Aim of the task → Please reproduce all of the data below exactly, leaving each picture out.

Supplied information →
---*---

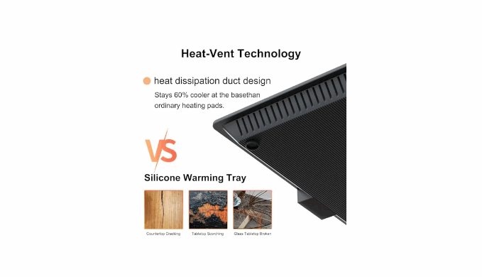 SAFETY ENGINEERING: Enjoy peace of mind with our comprehensive safety system integrated into this warming pads for food. Designed with your safety in mind, this warmer includes advanced overheat protection and a dedicated cooling system. The side ventilation effectively dissipates heat, reducing surface temperature and protecting your table—even during extended use.
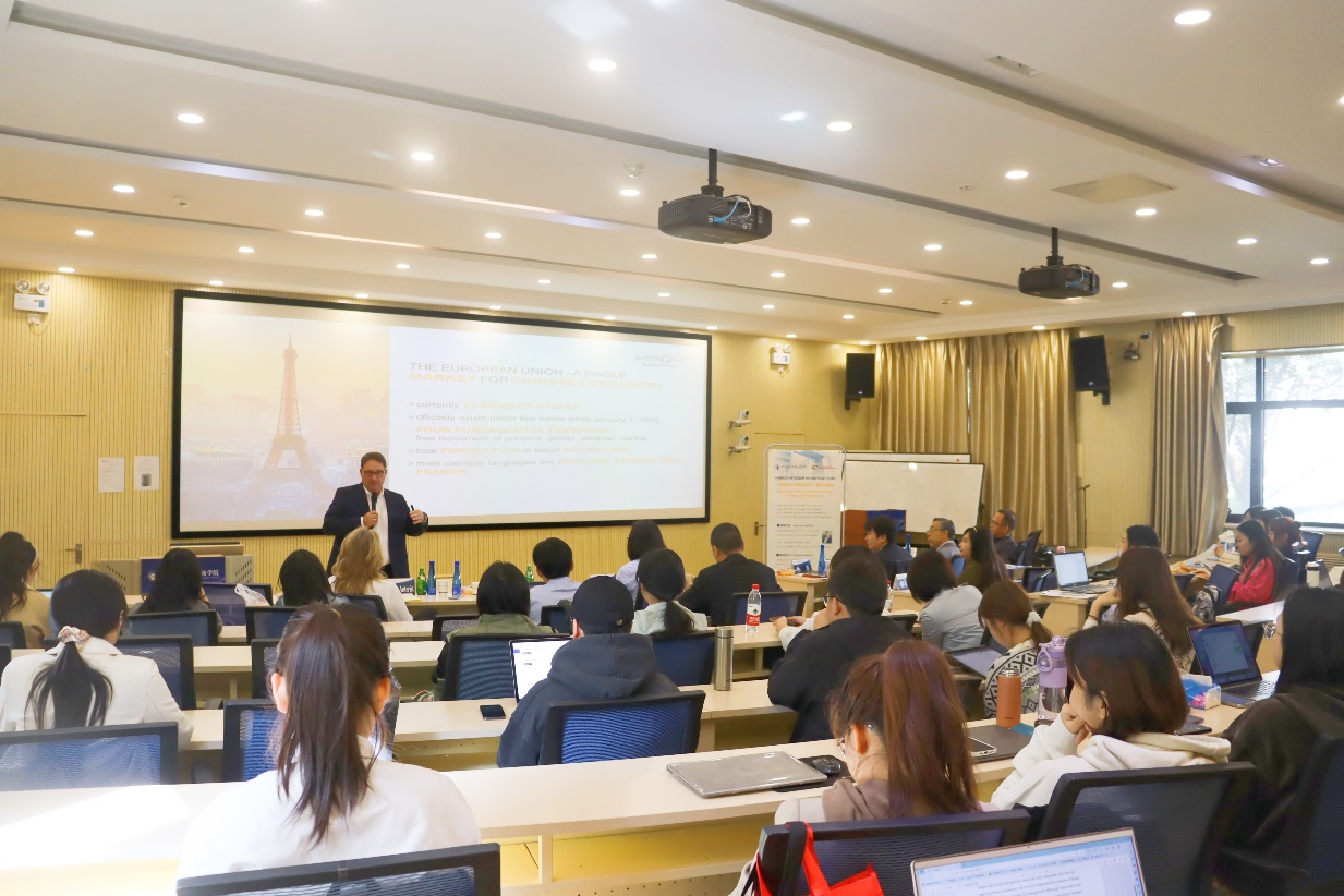 在主旨演讲环节中,首先由Peter Anterist教授发言。Peter Anterist教授系英德杰国际管理公司(InterGest Worldwide)CEO、437必赢会员中心客座教授,其领导的英德杰国际管理公司致力于为国际优质跨国公司提供服务,帮助其建立和管理海外分支机构。Peter Anterist教授以“The European Union- a single market for Chinese companies?”为主题展开,从增值税、最高收入、劳动成本等方面详细介绍并阐述了欧盟内部不同国家的制度和规则差异,并从财政和经济角度说明了欧盟国家的差异性,使同学们对于欧盟国家有了更加深入的认识。
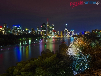 Puzzle Melbourne, Miasto Nocą, Rzeka, Australia
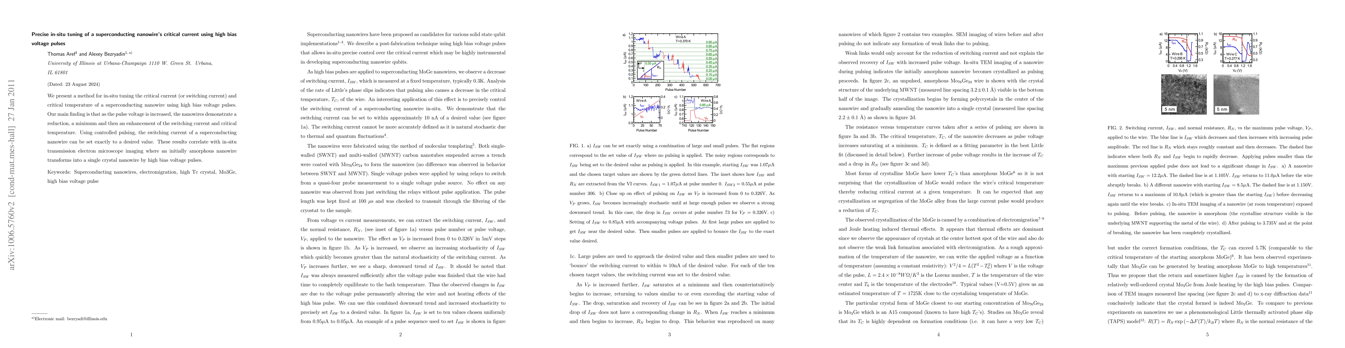 This paper introduces a technique to precisely adjust the critical current and temperature of a superconducting nanowire via high bias voltage pulses, showing a reduction, minimum, and subsequent enhancement of these properties. Controlled pulsing allows setting the switching current to a desired level, correlating with the transformation from amorphous to crystalline structure observed via in-situ transmission electron microscopy.

---*---

Result for this task →
 SAFETY ENGINEERING: Enjoy peace of mind with our comprehensive safety system integrated into this warming pads for food. Designed with your safety in mind, this warmer includes advanced overheat protection and a dedicated cooling system. The side ventilation effectively dissipates heat, reducing surface temperature and protecting your table—even during extended use.
 在主旨演讲环节中,首先由Peter Anterist教授发言。Peter Anterist教授系英德杰国际管理公司(InterGest Worldwide)CEO、437必赢会员中心客座教授,其领导的英德杰国际管理公司致力于为国际优质跨国公司提供服务,帮助其建立和管理海外分支机构。Peter Anterist教授以“The European Union- a single market for Chinese companies?”为主题展开,从增值税、最高收入、劳动成本等方面详细介绍并阐述了欧盟内部不同国家的制度和规则差异,并从财政和经济角度说明了欧盟国家的差异性,使同学们对于欧盟国家有了更加深入的认识。
 Puzzle Melbourne, Miasto Nocą, Rzeka, Australia
 This paper introduces a technique to precisely adjust the critical current and temperature of a superconducting nanowire via high bias voltage pulses, showing a reduction, minimum, and subsequent enhancement of these properties. Controlled pulsing allows setting the switching current to a desired level, correlating with the transformation from amorphous to crystalline structure observed via in-situ transmission electron microscopy.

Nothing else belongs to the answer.